Baleni serves on the central committee of the SACP. S’dumo Dlamini and the ANC secretary-general, Gwede Mantashe, a former general secretary of NUM, sit with another NEHAWU stalwart, Fikile Majola, on the 11member SACP politburo. And their rule these days, is to support without question everything that the government does.
These Zuma-SAC-Ployalists had attempted in 2013 to get rid, finally, of the troublesome COSATU general secretary Zwelinzima Vavi—who was too critical of the government for their liking. They set him up to be accused of rape—a charge later withdrawn. He was also falsely accused of fraudulent practice over the sale of the former COSATU office building. The fraud charges were dismissed, but Vavi admitted that he had consensual sex with an employee—and he was thus disciplined for this and suspended. This suspension already had the effect of causing a rift in COSATU, between the unions “for Vavi” and those “against Vavi.” In other words, those prepared to stand up against the corruption of the “bourgeois ANC government”,` as NUMSA leaders characterize it, against the puppet unions.

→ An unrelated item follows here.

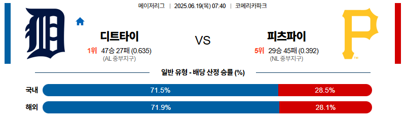 디트로이트 대 피츠버그 MLB 06월19일 맞대결 생중계, 스포츠중계, 스포츠분석

Because of the bitter internal rivalries in COSATU, the threat of expulsion continued to hang over Vavi’s head and his case went back and forth between the courts and self-appointed unionANC mediators. NUMSA always stood by Vavi and defended him. This was another unforgivable transgression. Vavi was eventually reinstated on April 7, 2014—conveniently, just before the general election.
But Vavi then made another error. He didn’t come out explicitly for the ANC-SACP alliance in this election, contrary to what the COSATU leaders had always done in the past; he didn’t come out for anything. In fact, he just sat on the fence and kept quiet. If he was not so worried about maintaining his COSATU position, perhaps he would have dared to open his mouth and say what so many workers thought. He did not. And after NUMSA’s expulsion—he did not attend the meeting that voted on this—he again was equivocal. Yes, he was against the expulsion, but then again, NUMSA had done wrong, because it had poached members from other unions’ territory...
It should also be recalled that Vavi did the same kind of fudging over a far more important issue: when the mineworkers were shot down in Marikana, he refused to condemn the police, the government, the ANC or the NUM—saying it was all about bad conditions in the mine. He was criticized for this at the time, but he has never changed his position. And the irony is that when he was suspended, he had already toned down his criticisms of Zuma & Co. Sadly, this is the man who the NUMSA deputy, Karl Cloete, when interviewed by a local radio station, said he would wish to be president of South Africa.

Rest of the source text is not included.